* [PROVIDED DATA]:
=== Begin Enclosure ===

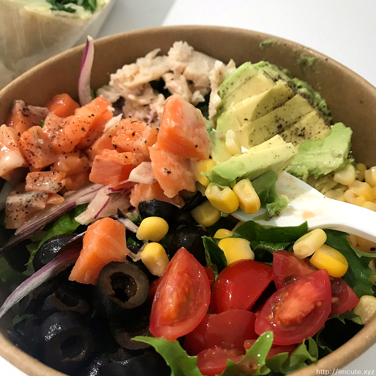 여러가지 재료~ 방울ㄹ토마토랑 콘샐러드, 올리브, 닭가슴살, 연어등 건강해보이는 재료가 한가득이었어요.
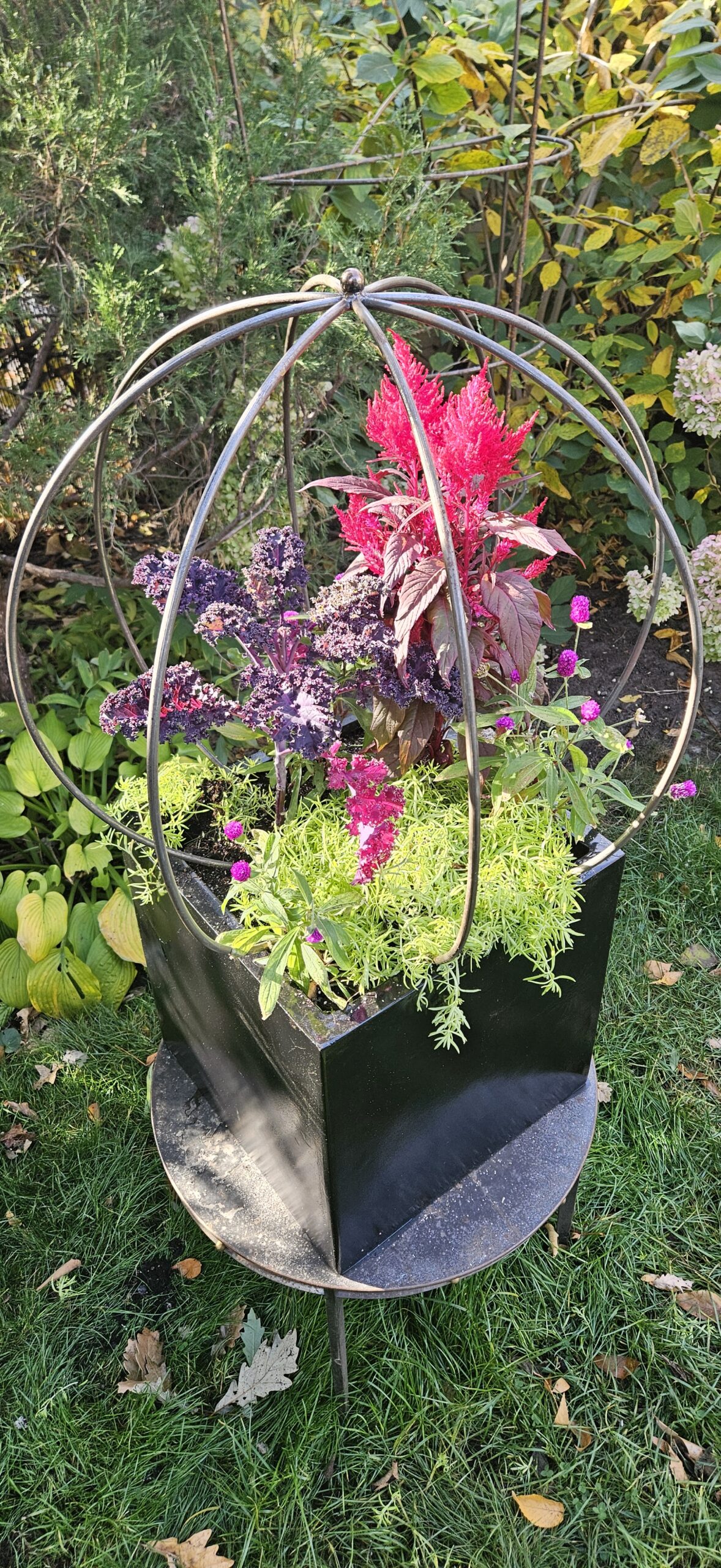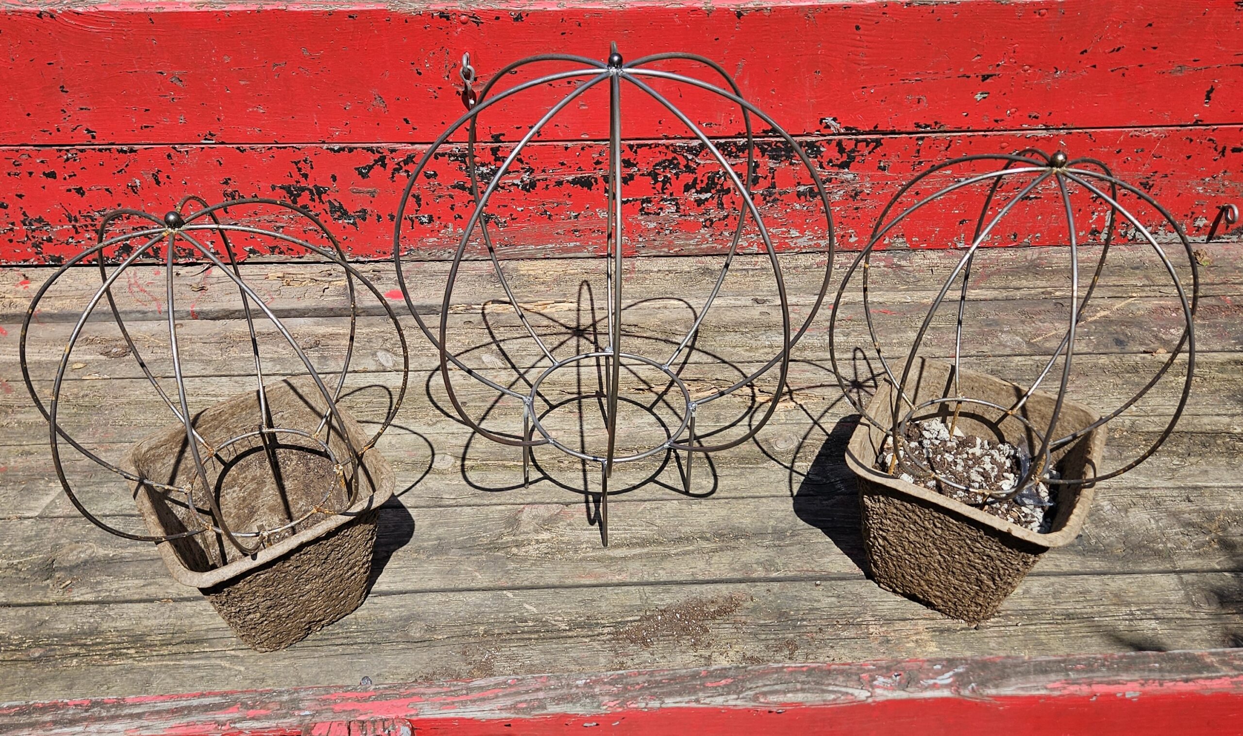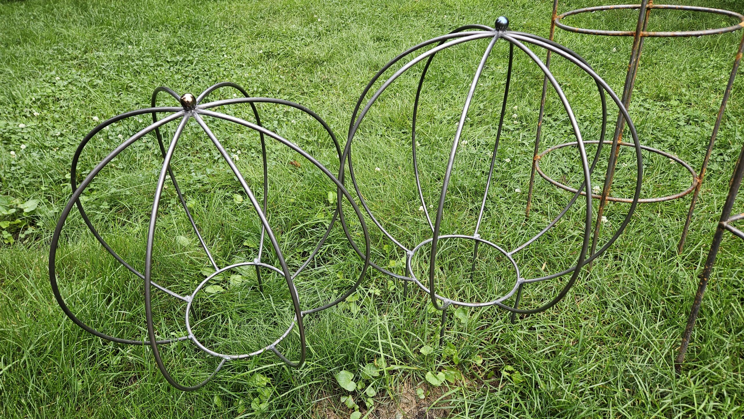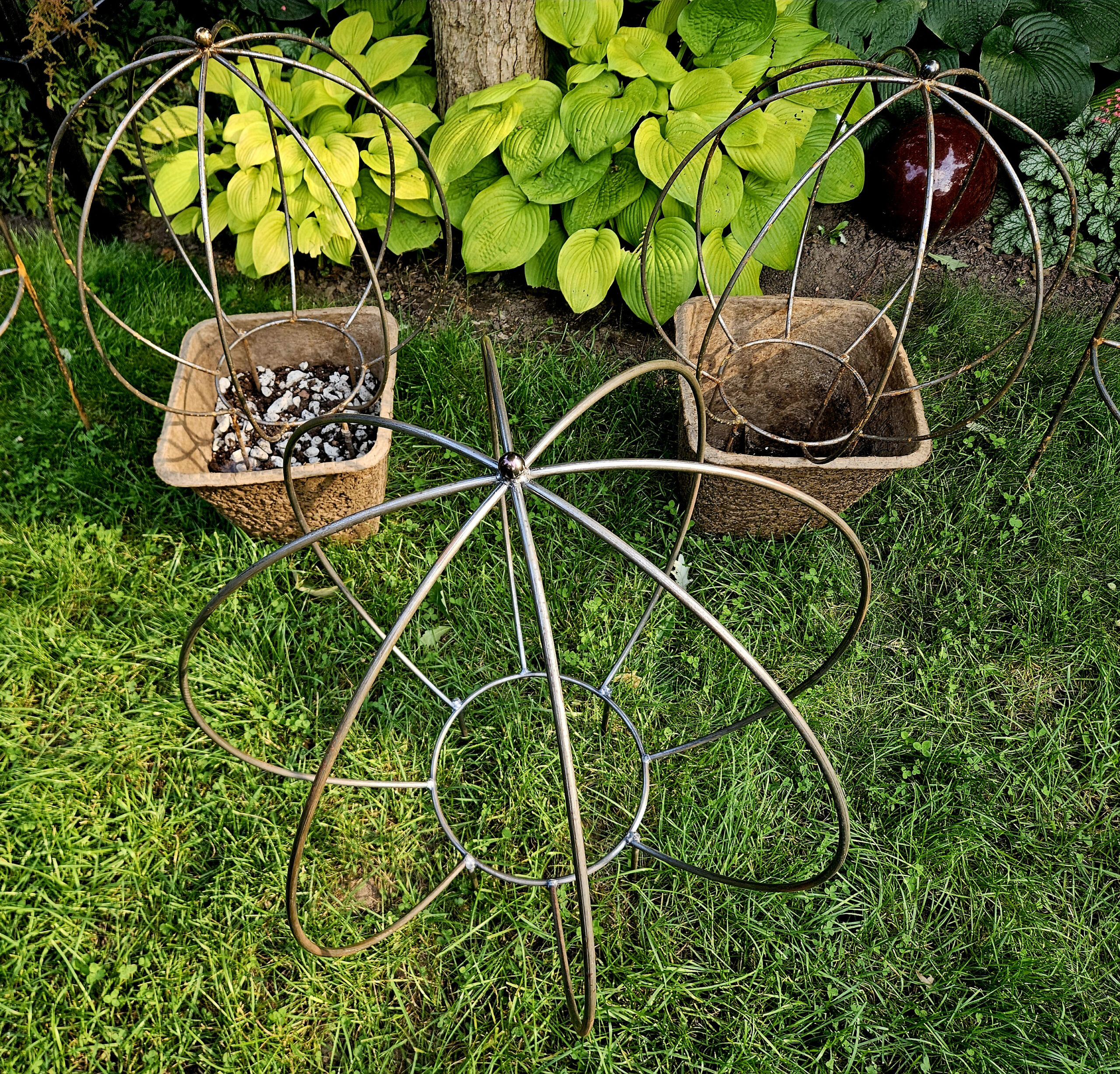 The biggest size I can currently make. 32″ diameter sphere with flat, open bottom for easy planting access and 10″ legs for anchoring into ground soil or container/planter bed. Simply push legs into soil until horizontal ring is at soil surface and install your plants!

=== End Enclosure ===
=== Begin Enclosure ===

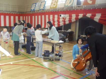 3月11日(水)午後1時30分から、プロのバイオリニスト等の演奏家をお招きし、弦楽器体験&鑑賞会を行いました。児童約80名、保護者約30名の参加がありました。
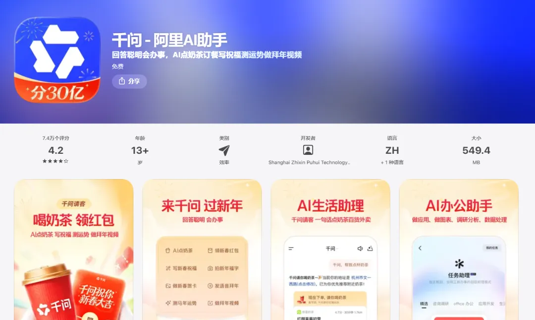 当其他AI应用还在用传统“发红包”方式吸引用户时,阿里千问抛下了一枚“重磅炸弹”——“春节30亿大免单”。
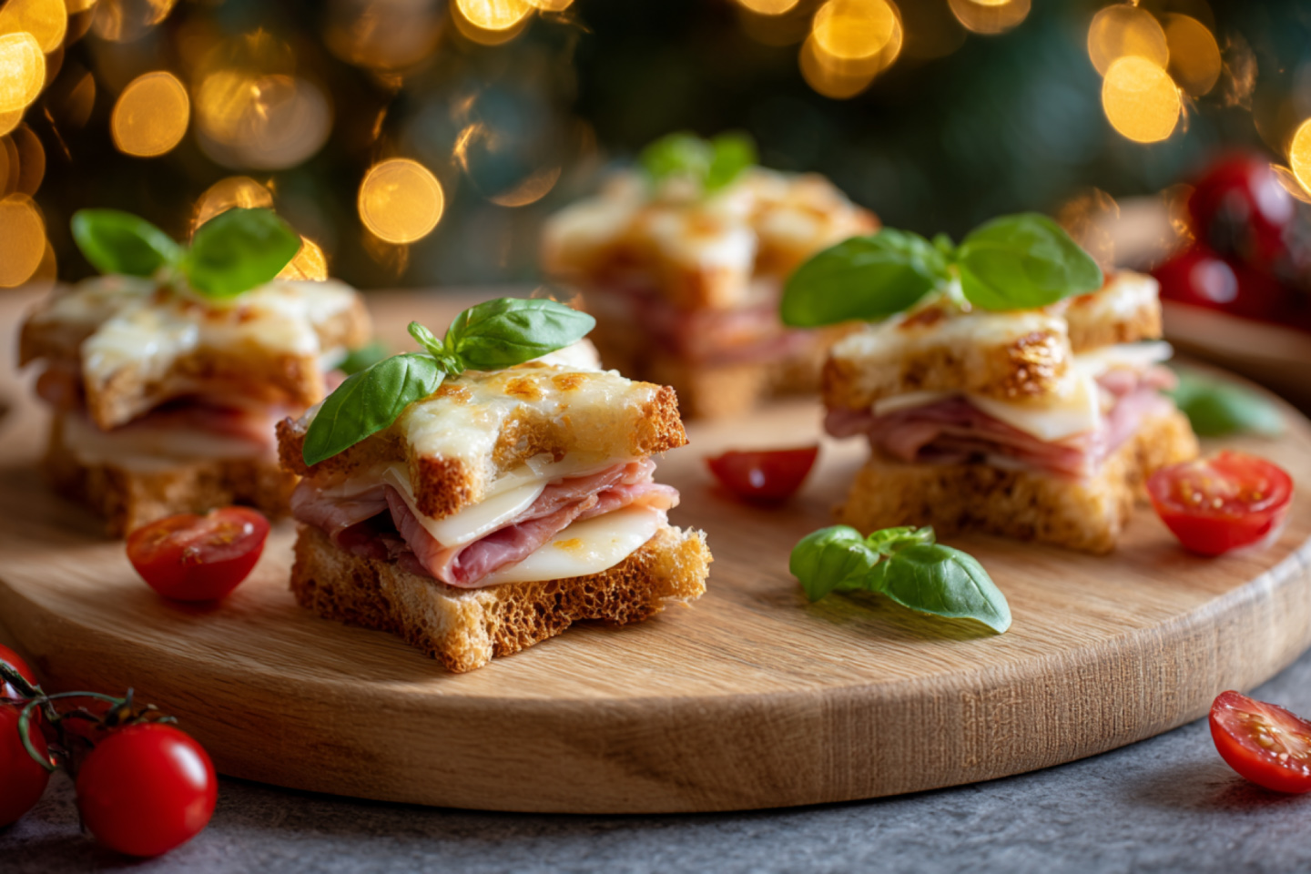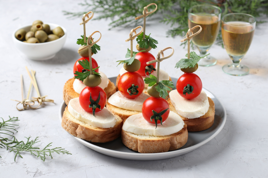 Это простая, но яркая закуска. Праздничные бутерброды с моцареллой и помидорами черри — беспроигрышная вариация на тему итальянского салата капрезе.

=== End Enclosure ===

* [TASK DETAILS]: Please set down, exactly and with no pictures, the lines in the entries above starting at the one holding "여러가지 재료~ 방울ㄹ토마토랑" and ending at the one holding "The biggest size", ends included.

* [OUTPUT FOR THIS TASK]:
 여러가지 재료~ 방울ㄹ토마토랑 콘샐러드, 올리브, 닭가슴살, 연어등 건강해보이는 재료가 한가득이었어요.
 The biggest size I can currently make. 32″ diameter sphere with flat, open bottom for easy planting access and 10″ legs for anchoring into ground soil or container/planter bed. Simply push legs into soil until horizontal ring is at soil surface and install your plants!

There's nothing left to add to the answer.